Hannah Arendt writes in The Human Condition that speech and action reveal man (that's her word, not mine) in his distinctness. These are the "modes through which human beings appear to each other, not indeed as physical objects, but qua men. This appearence, as distinguished from mere bodily existence, rests on intitaitve, but it is an initiative from which no human being can refrain and still be human." She goes on to stipulate that "A life without speech and without action, on the other hand...is literally dead to the world; it has ceased to be a human life because it is no longer lived among men."
You have to show up and do stuff, and do it in public in front of other people and with risk involved, in order to be a complete person, Arendt argues. Life is achieved, not given.
Looking over The Human Condition I am struck by just how little it valorizes intelligence for its own sake. Here one of the greatest theorists of the 20c tells us to shine forth in the public and strive in front of our betters, distinguish ourselves as excellent. Sure, one can do this as an intellectual, as she did, but one doesn't have to.
What Arendt says is the kind of thing you'd tell a group of high school students, not a group of professional academics. But this is only to the detriment of the academics, and if the high school students have taken to heart her lessons of striving, excellence, and distinction, then they have set themselves up for no small portion of happiness.
Academic talks are followed by ritual dinners at affordable local restaurants where the talk ranges from lighter professional topics to the various amenities of the college town the speaker is from to the shockingly backward political and religious beliefs of the residents of that town to whether folks have seen the latest movies. One night I was at one of these dinners and people got to talking about the financial crisis and apropos of I forget what, I commented: "I think we in the humanities tend to underestimate how smart finance people can be." The reply on the part of our guest speaker betrayed a mixture of envy and probably some uncomfortable family dynamics: "Well, my brother-in-law," he bantered back, "is in finanance and he certainly isn't brilliant. It doesn't take too much brains."

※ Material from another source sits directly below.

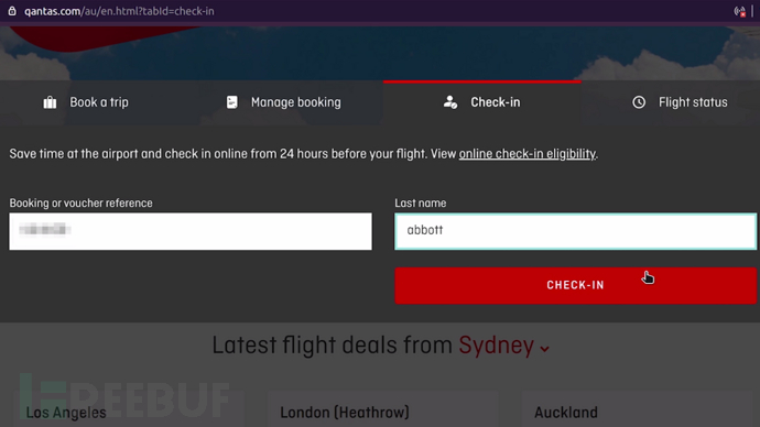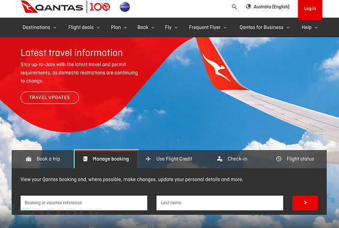 我来到澳航网站qantas.com.au,点击其中的订票管理“Manage Booking”,如前所述,这里仅只需要乘客的预订代号(Booking Reference)和姓氏就可成功登录,这里有了Tony Abbott的预订代号,再加了他的姓氏Abbott,Bingo,登录成功:

A man in his late-40s/early-50s gave a talk about the history of interdisciplinary scholarship to about ten graduate students, about two of whom could muster up the enthusiasm to feign the sycophancy requisite on such occasions; his brother-in-law, meanwhile, had been in the throws of history, riding tidal fortune and in some way participating in, or suffering through, the big story of his times.
Alvin Kernan was a WWII sailor who went to college on the GI Bill and became an English professor at Yale, and eventually, Stephen Greenblatt's advisor; he then went on to become Dean of the Graduate School at Princeton. In his memior (which is an extremely interesting read) Kernan says of incoming English graduate students that of all the hundreds who apply each year to programs around the country, on a few are really outstanding. It's a hard truth that he tells, but one worth facing directly. Looking through the names in an old journal is like looking at the names of the tracks on an Fleetwood Mac album in a used record store: maybe, just maybe, one is recognizable. The rest are forgetable throwaways.

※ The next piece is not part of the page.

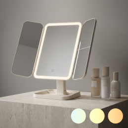 Der Spiegel ist mit LED-Beleuchtung mit einstellbarer Farbtemperatur ausgestattet, wodurch er auch für Räume mit wenig Tageslicht ideal ist. Der rechte Seitenspiegel bietet 2× und 3× Vergrößerung, was Sie bei präzisen Details wie Augen-Make-up oder Augenbrauenstyling zu schätzen wissen werden.

I used to worry about being smart, and I used to think intelligence was something to admire in people. I don't admire it. I am sometimes bowled over by it, but I don't admire it. I used to think that critique was special, that when I heard an academic paper applying Zizek to the news I was hearing something empowering and penetrating and disillusioning.
I don't really care about being smart anymore. I care about reading and writing because I enjoy these activities, but I am beyond worrying about my own native abilities (what ever native ability is) and beyond secretely measuring them against the strengths and weaknesses of others. (What did Lionel Trilling mean by the moral obligation to be intelligent?) Perhaps to admit this is a cardinal sin of academe.